Apart from enjoying peace for many years, people in Ankole and Kigezi have made much progress in terms of material wealth (good houses, big businesses etc) and have a lot to lose in case war broke out. Yet Kigezi lies on the border with Rwanda and DRC, where many people think war is most likely to originate. Ankole is also on the border with Rwanda. Bakiga, Banyankole and Bafumbira, the most dominant tribes here, think that chances of war breaking out are higher when President Museveni is pushed out of power than when he stays.

The creation of new districts also contributed to NRM’s good performance in the elections. In the new districts such as Isingiro, Ibanda and Kiruhura, President Museveni and his NRM candidates received overwhelming support. FDC got lower percentages in the new districts compared to other districts in the region. Voters know that a new district comes with new jobs, new businesses, tenders and new services.

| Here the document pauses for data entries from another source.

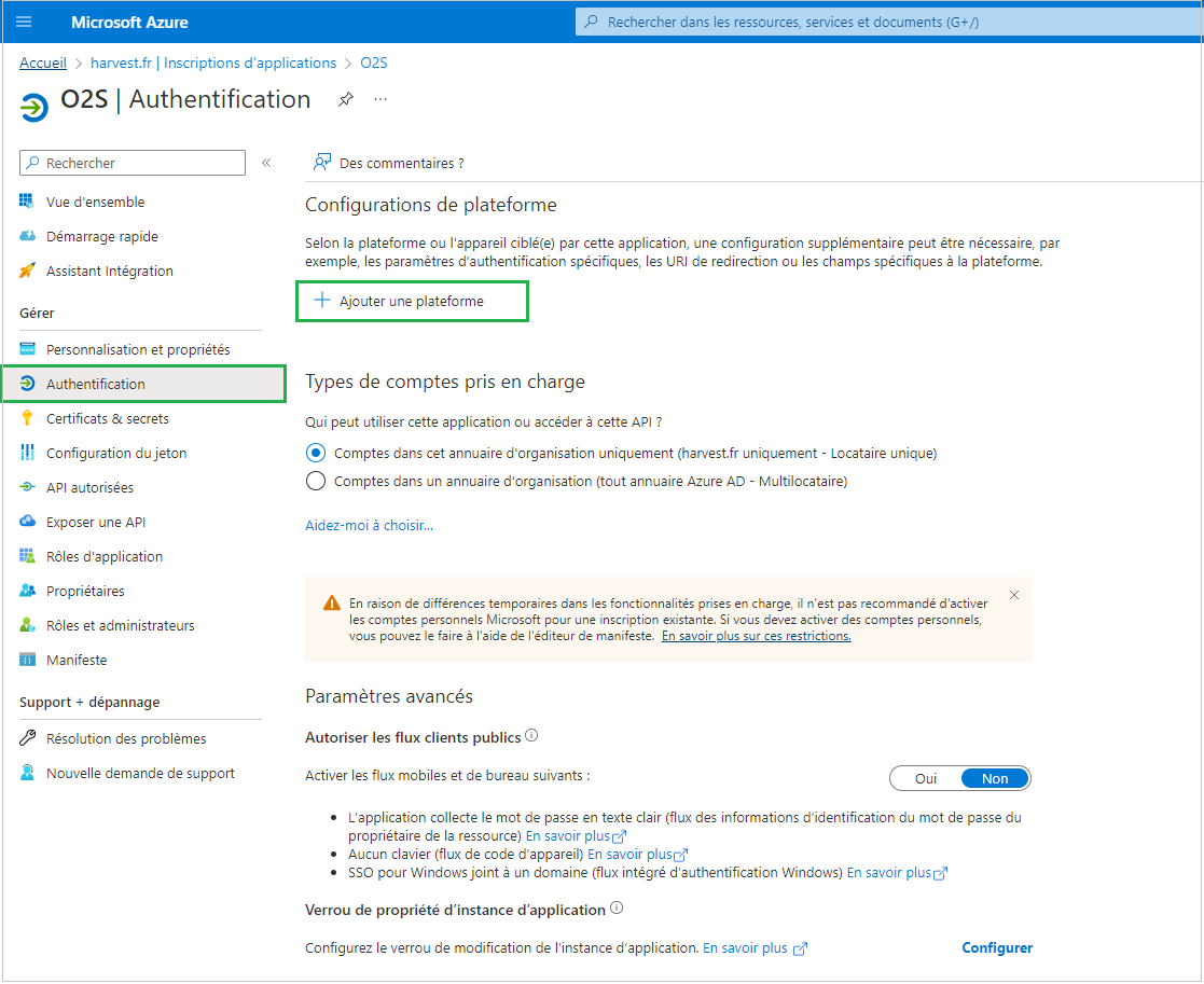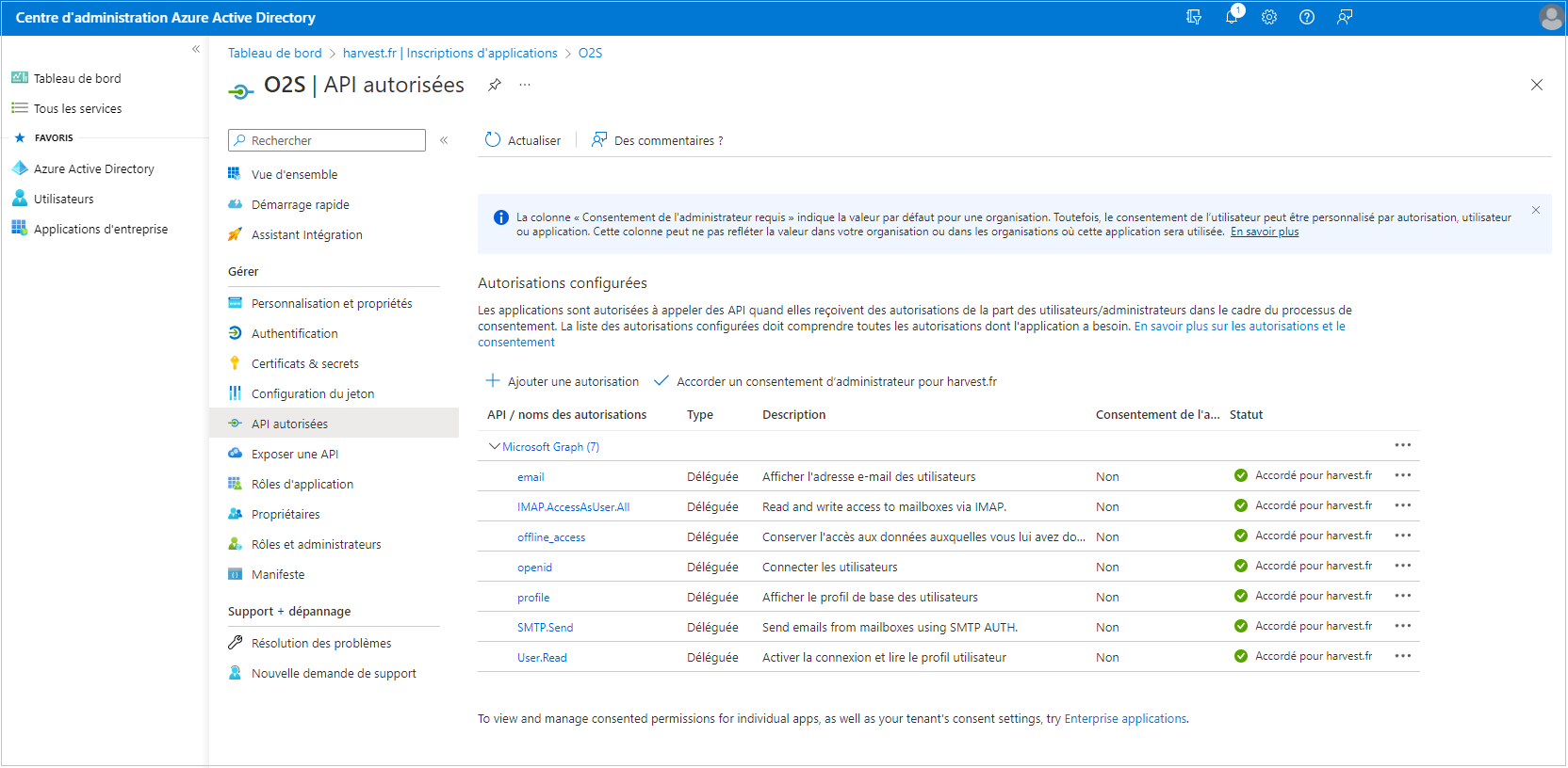 Dans votre structure, si des utilisateurs disposent de la messagerie Outlook dans O2S avec utilisation de leur adresse mail professionnelle, vous devez effectuer un paramétrage dans Microsoft Azure, puis dans O2S afin qu’ils puissent continuer à synchroniser leurs courriers Outlook dans O2S.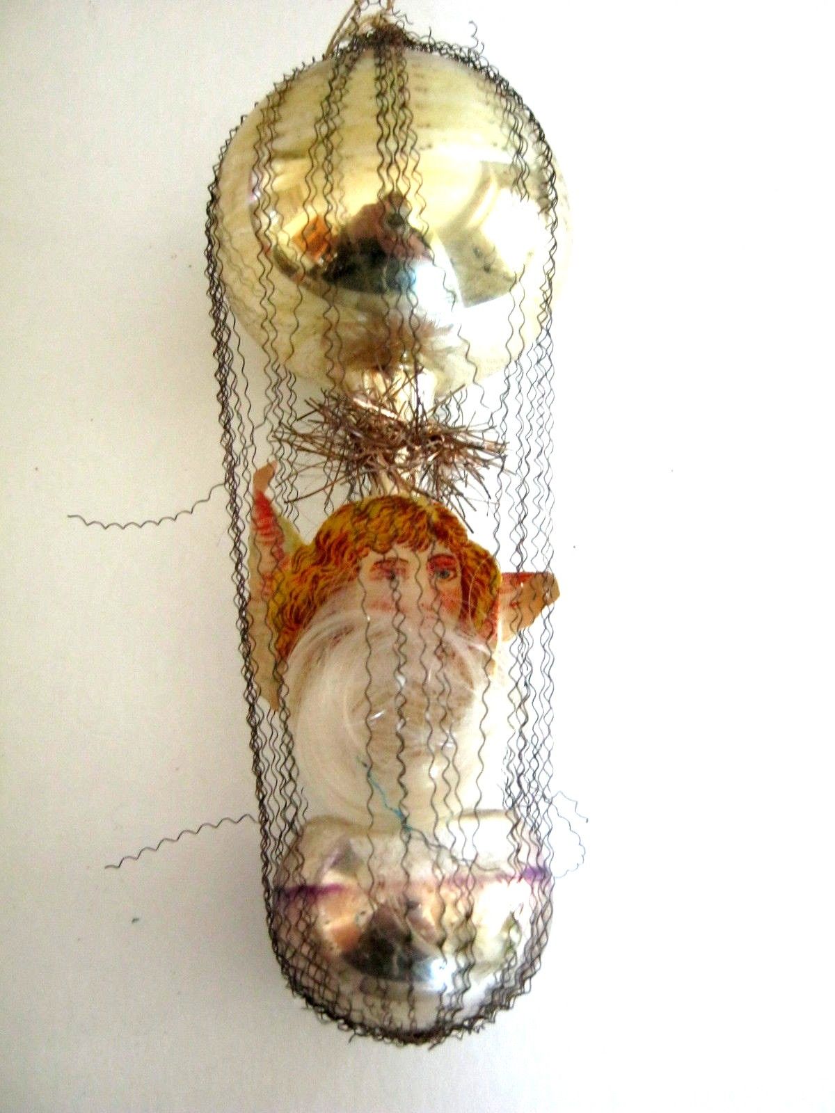 Title (ebay affiliate link): ANTIQUE CHRISTMAS ORNAMENT, DOUBLE BALLOON, WIRE WRAPPED, SCRAP ANGEL, SPUN GLA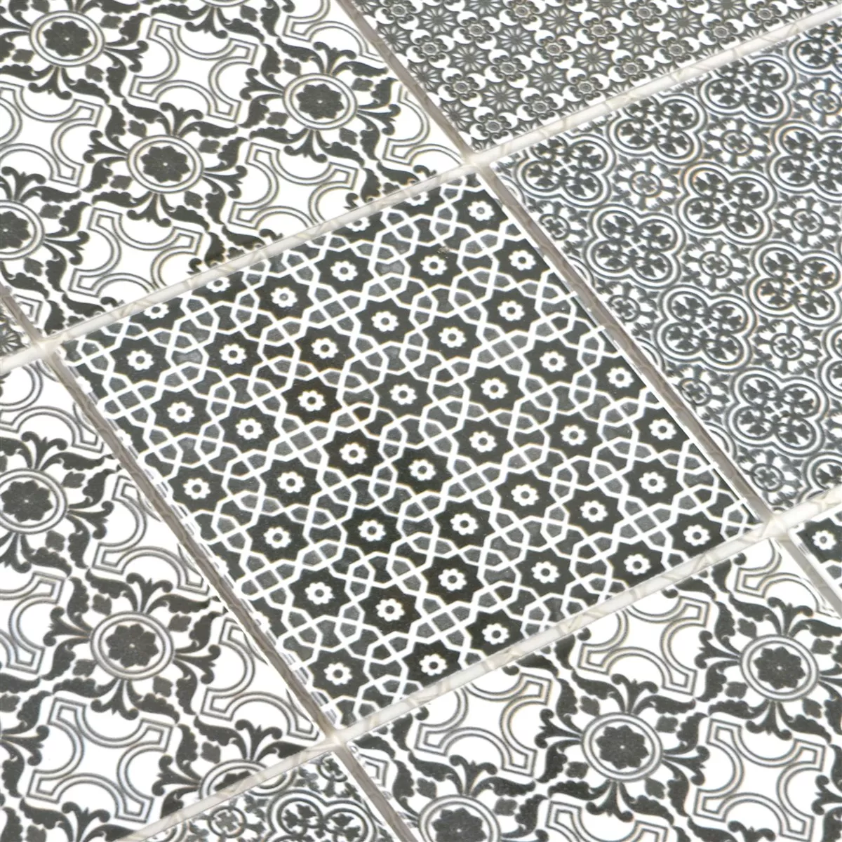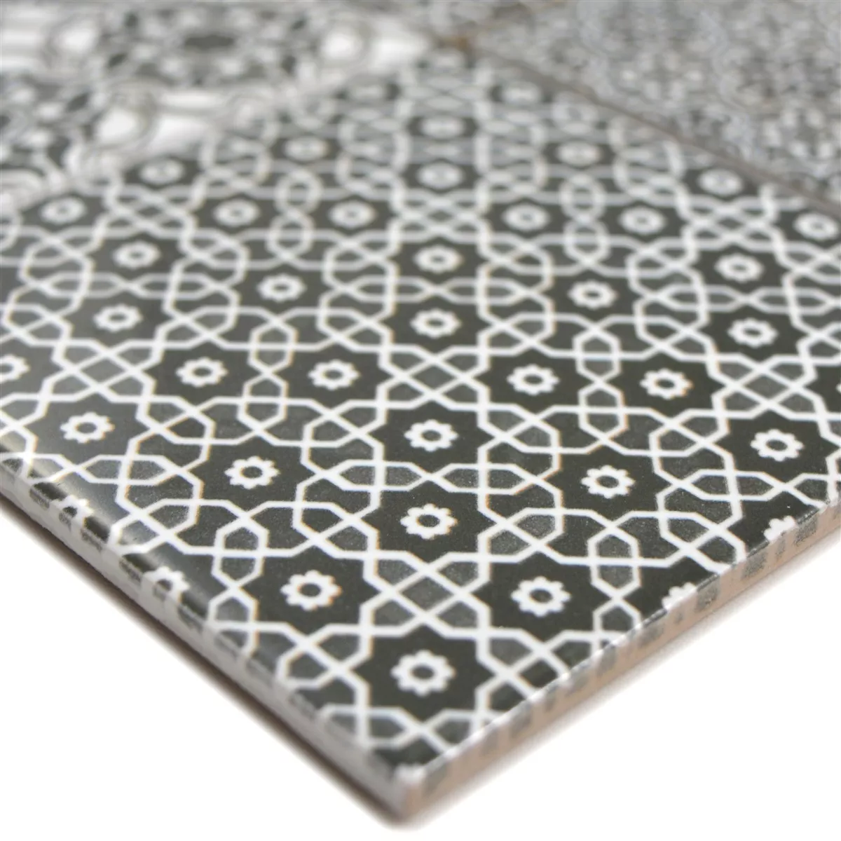 Muster von Keramik Mosaikfliesen Daymion Retrooptik Quadrat Schwarz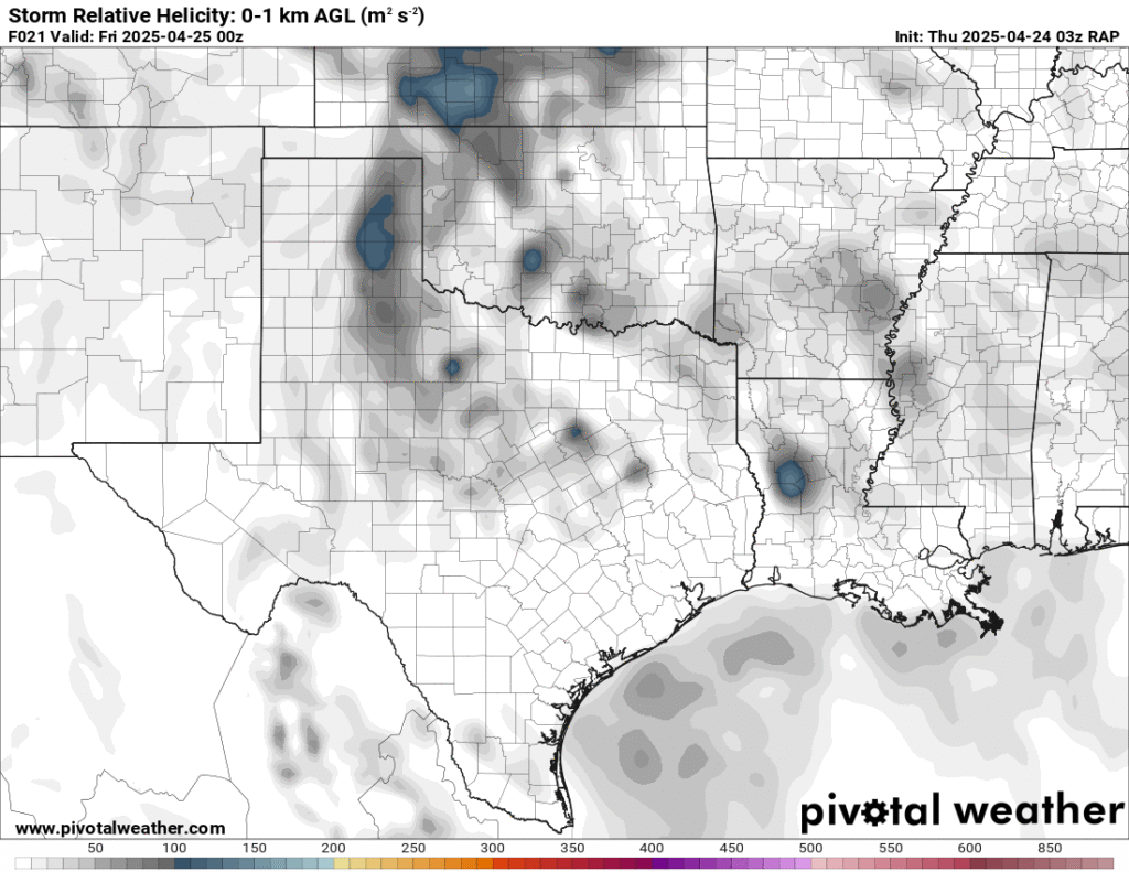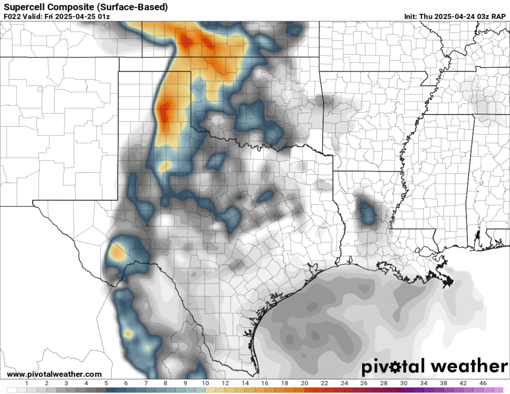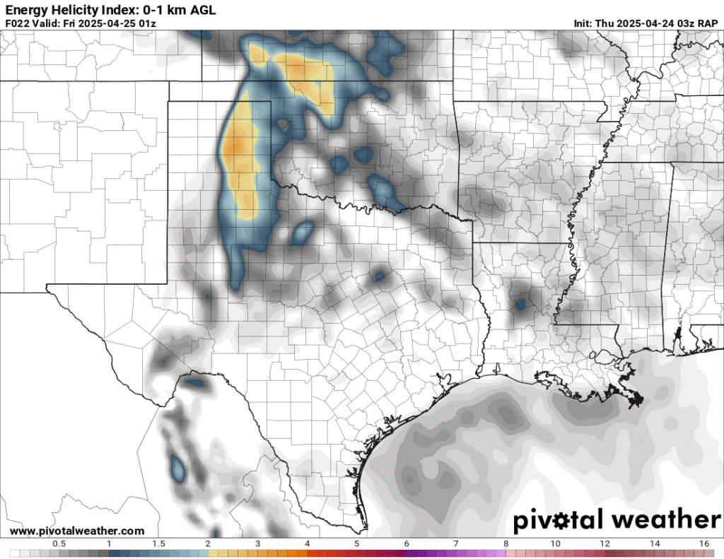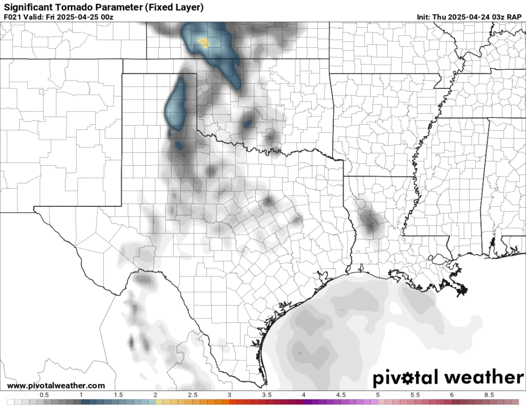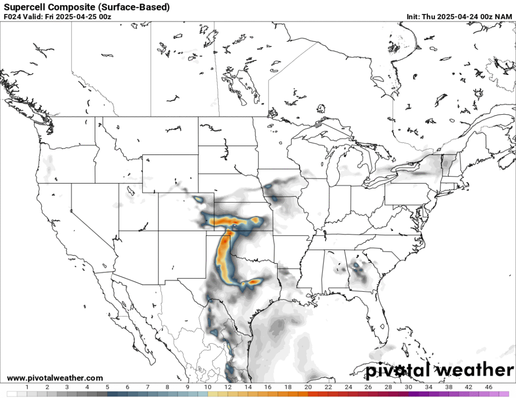 The nadocast was generally on the 24th, showing tornado potential throughout the Texas panhandle and even into Northwest Oklahoma. The later run also depicted potential all the way into Southwest Kansas.

The credit went to Museveni but NRM parliamentary candidates also benefited from this. For instance in Isingiro district, FDC and DP candidates were beaten by NRM’s Maj. Bright Rwamirama, Nathan Byanyima and Alex Byarugaba.

In the post-election period, the runners up, particularly FDC and the anti-NRM independents are crying foul that NRM deployed state machinery in the constituencies towards polling day to rig them out.

Matembe said, “It was the whole state system against Kazoora and me. I am disappointed that NRM resorted to giving voters money in exchange for support. They came with massive amounts of money and poured it in the whole of Kashari and Rwampara.”

Sabiiti said army personnel were deployed and a committee was set up by NRM to engineer his downfall. “I had never seen such rigging in all my life.

They used the RDC’ office, arrested my agents and confiscated appointment letters I had given them,” he said.
Ruzindana said, “Elections in Ruhama were thoroughly rigged. It was a military operation in Ruhama.”

Chapaa said, “Otafiire told people that even if I were voted, I would not be sworn in because they (NRM) have the guns. My Escudo car was stoned and the rear windscreen was shattered.”